Volvo boss: electrification key to post-coronavirus growth

Volvo boss Håkan Samuelsson believes that the firm’s heavy focus on electrification and connectivity will help it to achieve long-term growth, despite the pandemic hitting sales and revenue in the first half of 2020.

The Swedish manufacturer sold 269,962 cars worldwide between January and June 2020 – a 20.8% drop from the 340,826 sold in the same period last year. Volvo posted an operating loss of 989 million krona (£85.59m). Revenues fell by 14.1%.

While Volvo’s sales in Europe – where most countries introduced lockdown measures between March and June – fell by 29.5% to 123,198 units, there were encouraging signs from China.

While sales in that market were hit by lockdown measures in the first quarter, sales were up year-on-year in the last three months, and Volvo’s first half sales total of 65,741 units in the region was down just 3.0% year-on-year.

Sales in the US were down 13.7% in the first half but also rose year-on-year in June.

Another positive sign for Volvo has been the success of its plug-in hybrid models, with the 38,000 sold a 79.8% rise on the first half of 2019. They also account for nearly a quarter of all Volvo’s European sales.

With the recent launch of the XC40 T5 Recharge Plug-In Hybrid, the firm now offers a plug-in hybrid version of every model in its range, as part of a heavy focus on electrification through its new Recharge line.

Volvo is aiming for full electric vehicles to account for half of its sales by 2025, with the rest hybrids. The fully electric XC40 P8 Recharge will be launched later this year.

Samuelsson said the sales growth of Volvo’s plug-in hybrid models “demonstrates a strong trend towards our strategic ambition of being a company electrifying faster than rivals”.

He added: “The downturn we saw in the first half is a temporary one. We expect to see a strong recovery in the second half of the year, and our Recharge range of electrified cars puts us in a strong position to meet the emerging trends we’re seeing.

“This pandemic has strengthened our confidence that our strategic ambitions are the right ones and that an accelerated transformation of our business will lead to long-term growth. We will continue to focus on and invest in electrification, online sales and connectivity.”

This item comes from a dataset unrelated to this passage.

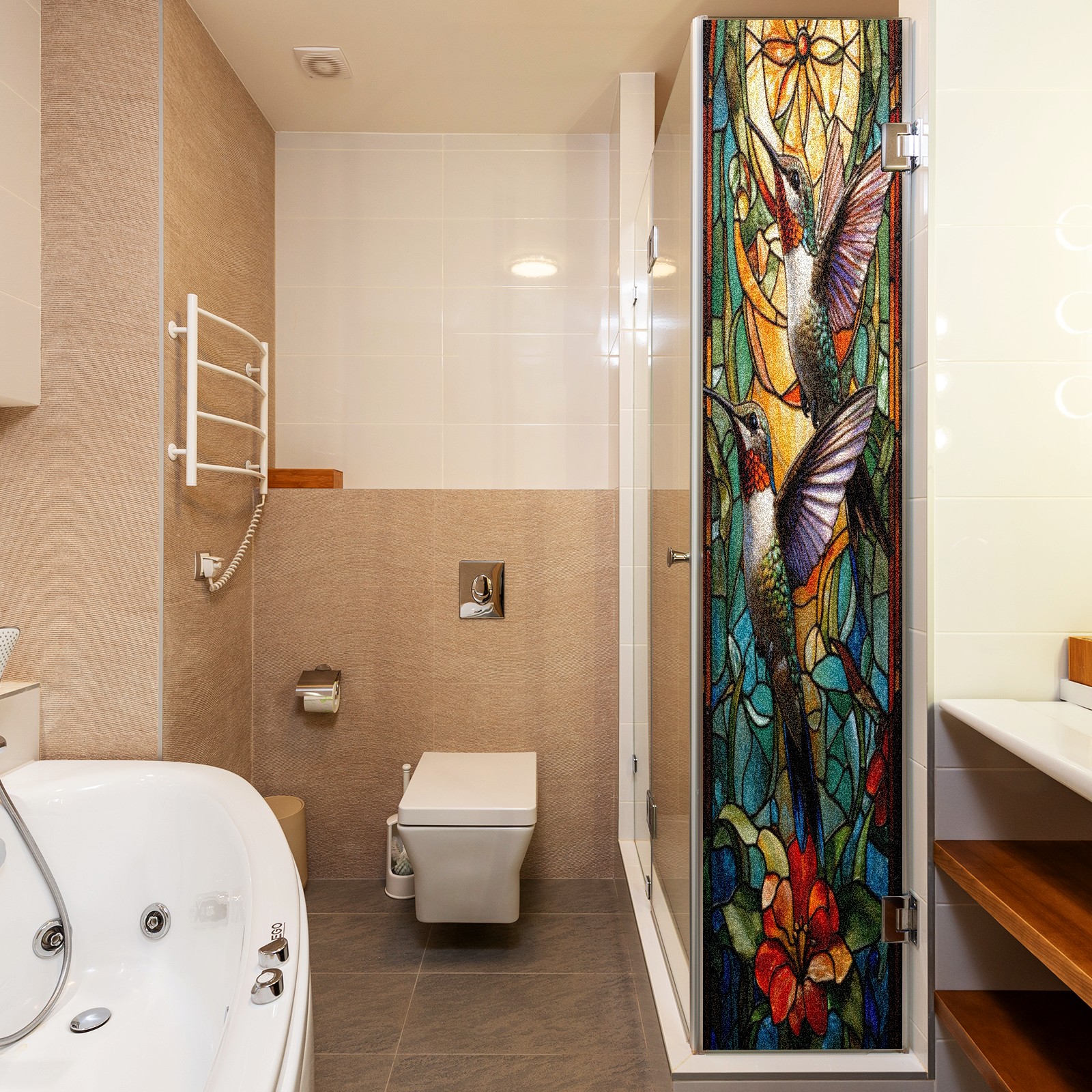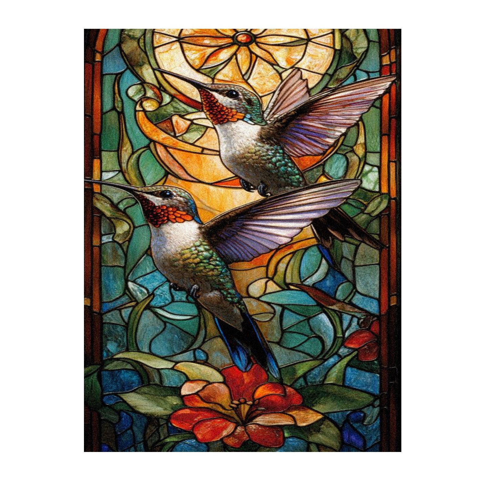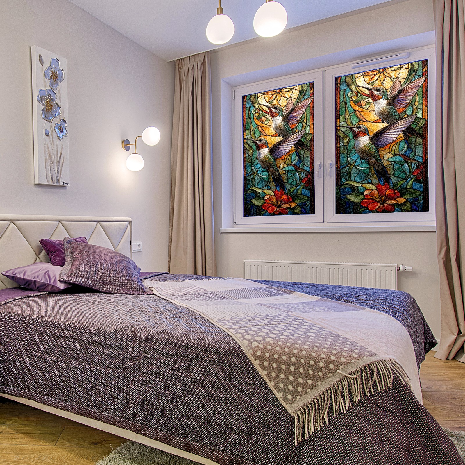 Window Privacy Film Frosted Stained Glass Film Decorative Static Cling for Bathroom Home Office Peel and Stick Window Film Double Hummingbird(17.7x23.6in)

Volvo’s first half sales figures also show the continued rise in popularity of its SUV models. The XC40, XC60 and XC90 accounted for 69% of all vehicles the firm sold, while the V estate range took 17% and the S saloon range 14%.

With the exception of its American facility in Charleston, South Carolina, all of Volvo’s production plants have now resumed production following various Covid-19 lockdowns. Due to the limited lockdown introduced by the Swedish government, the firm’s Torslanda plant lost only 15 days of production.